Till KTH:s startsida Till KTH:s startsida

Blast parsing

Use BioPython to filter the results from a Blast run. You want to be able to specify a substring that will match the accession, and you can assume that you always want to remove any hits with an E-value larger than 1e-20. The input is a Blast report in XML format.

Data

Here is some sample test data. You should however also manage to handle the output of the previous assignment.

Please note: Browsers get confused if you try to look at these XML files in the browser. Right click and download the files directly!

Requirements

Write a Python program that fulfills the following.

  • Your program is an executable Python file taking two inputs:
    1. A command line argument with a string that should match "Hit_id", "Hit_def", or "Hit_accession" field in the Blast hit list, e.g., "mouse".
    2. A file to read input from. The file contains Blast XML data.
    An extra smile from the tutor if you can read from stdin if the filename is a dash ("-")!  :-)
  • Output goes to stdout and is a table with four columns,
    1. Query accession: "BlastOutput_query-def"
    2. Target accession: Hit_accession
    3. Score
    4. E-value
    in which only sequences with an id, definition ("description"), or accession matching the input substring are listed. There might be several HSPs from the same target accession, but only the one with lowest E-value should be shown.

Example session

In this example, the first column has been simplified. The actual accession can be more complicated!

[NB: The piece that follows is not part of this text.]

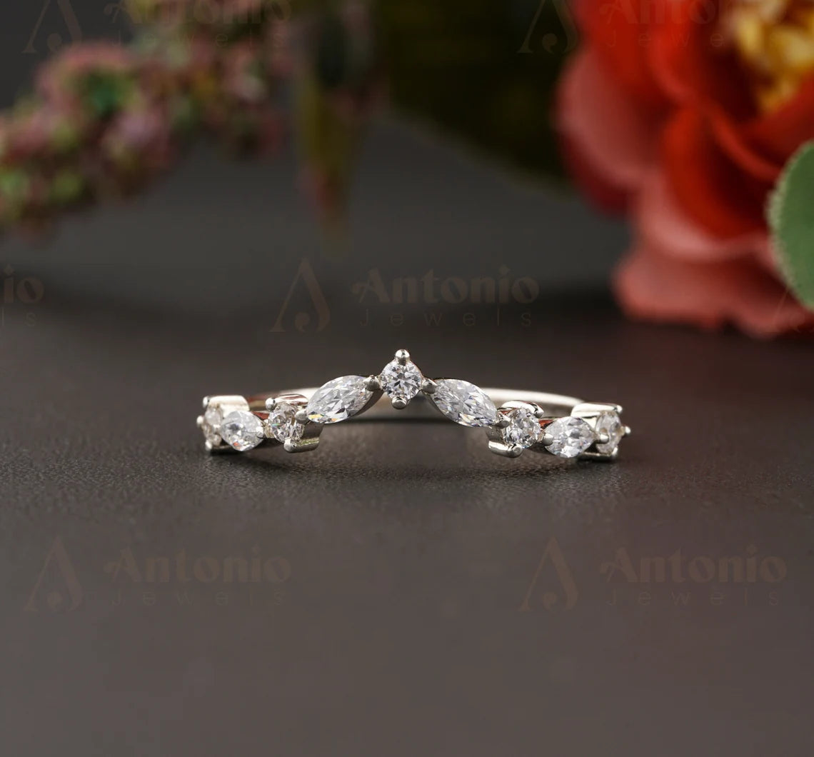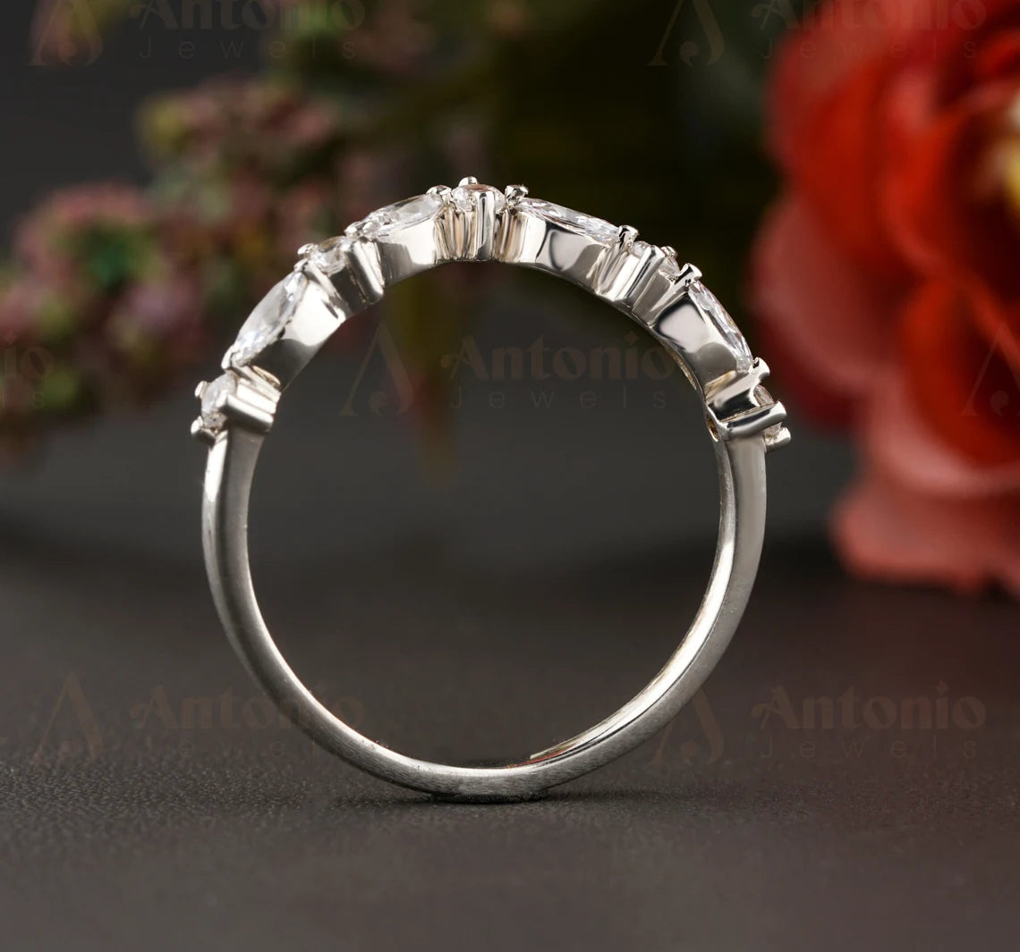 Chevron Moissanite Wedding Band

spel-01> ./blastparse MOUSE test1.xml
Warning: No hits
spel-01> ./blastparse MOUSE test2.xml
CST3    CYTC_MOUSE   185.3    3.5e-47

To present:

  1. Your code.
  2. A demonstration of your code running with the output from the last assignment (a search with CST3). What is the best MOUSE hit you find?

Lars Arvestad skapade sidan 2 november 2015

Lärare Lars Arvestad ändrade rättigheterna 30 november 2015

Kan därmed läsas av alla och ändras av lärare.
kommenterade 7 december 2015

test1.xml and test2.xml are not valid xml files as they have multiple xml declarations. See http://stackoverflow.com/a/20251895

Lärare kommenterade 7 december 2015

Not my fault. Welcome to the world of Bioinformatics. 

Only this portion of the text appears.